Van Jones Teams with Marvel Stars in VR Series that Puts You Inside Sexual Harassment, Racial Profiling Situations

Amy Sussman/Getty Images/Noam Galai/Getty Images for Global Citizen
Amy Sussman/Getty Images/Noam Galai/Getty Images for Global Citizen

After teaming with Black Panther star Winston Duke to put people in a virtual reality police traffic stop scenario, former Obama special advisor Van Jones is teaming with Marvel movie star Brie Larson for a sexual harassment episode of his virtual reality film series, The Messy Truth.

Jones’ first VR project, starring Black Panther player Winston Duke, put viewers virtually in the place of a small boy sitting in the front seat of a car as his father (Duke) is pulled over, racially profiled, and harassed by a white police officer. The episode won the Advanced Imaging Society’s Social Justice Lumiere Award last year. It also won an Emmy award for Outstanding Innovation in Interactive Media. Jones also showcased the police profiling VR simulation at the Conservative Political Action Committee conference.

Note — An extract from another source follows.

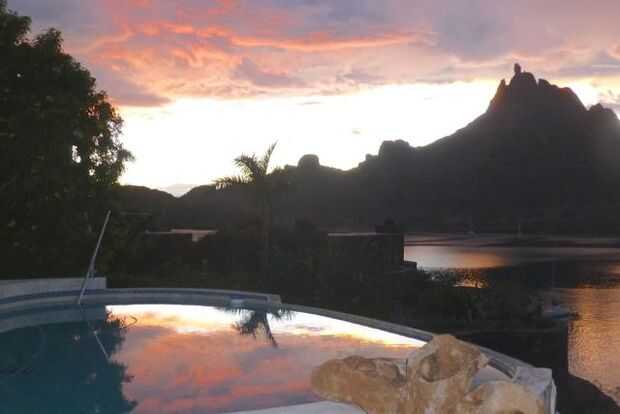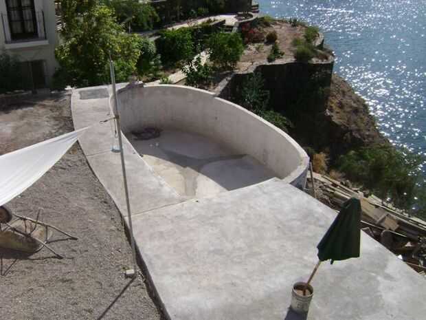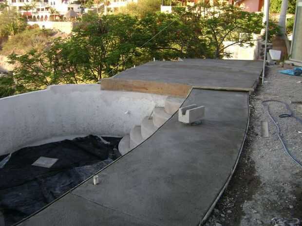 Desde nuestra piscina libre, agregamos una cubierta en dos lados, todo hormigón convencional que superpuesto al borde de la piscina, nos deja con un agradable lugar para disfrutar de los atardeceres de San Carlos, Sonora, México.

“Getting the Emmy nomination was a trip because we’re so scrappy,” Jones said of the small budget project. “For it to get that kind of acknowledgment is just amazing,” he added.

The next project will put viewers in a small restaurant as they watch Captain Marvel star Brie Larson portray a waitress who becomes a victim of sexual harassment.

Watch below: 

The Messy Truth director, Elijah Allan-Blitz, insisted that the film experience “could just change the world” because it puts viewers in the film via the VR headsets they wear to watch it. Allan-Blitz and Jones call the system an “empathy machine” because it can make the experience more intimate.

“When Elijah and I first spoke, it was, I think our first ever conversation was about empathy. And I realized that I could take what I was already doing a step further with this project,” Larson said of her role in Jones’ VR film. “I make movies to be an empathy machine. I believe that when you’re sitting in a theater, it doesn’t matter how many friends or family members you’re with, you are alone, and you become one with whoever it is you’re watching, and I’ve found it to be a true marker when films are getting watched, when they’re successful when they’re being talked about.”

Despite the ideologically charged topics, Jones insists that his VR film series is not propaganda.

As Yahoo rationalized this way, “The goal of this particular project and this specific use of media, says Jones, is not to tell someone how to feel or think, or to sensationalize an event, but instead to allow an individual to experience a scenario themselves in order to reveal an authentic and empathetic response.”

“The truth has a way of uniting people,” Jones said.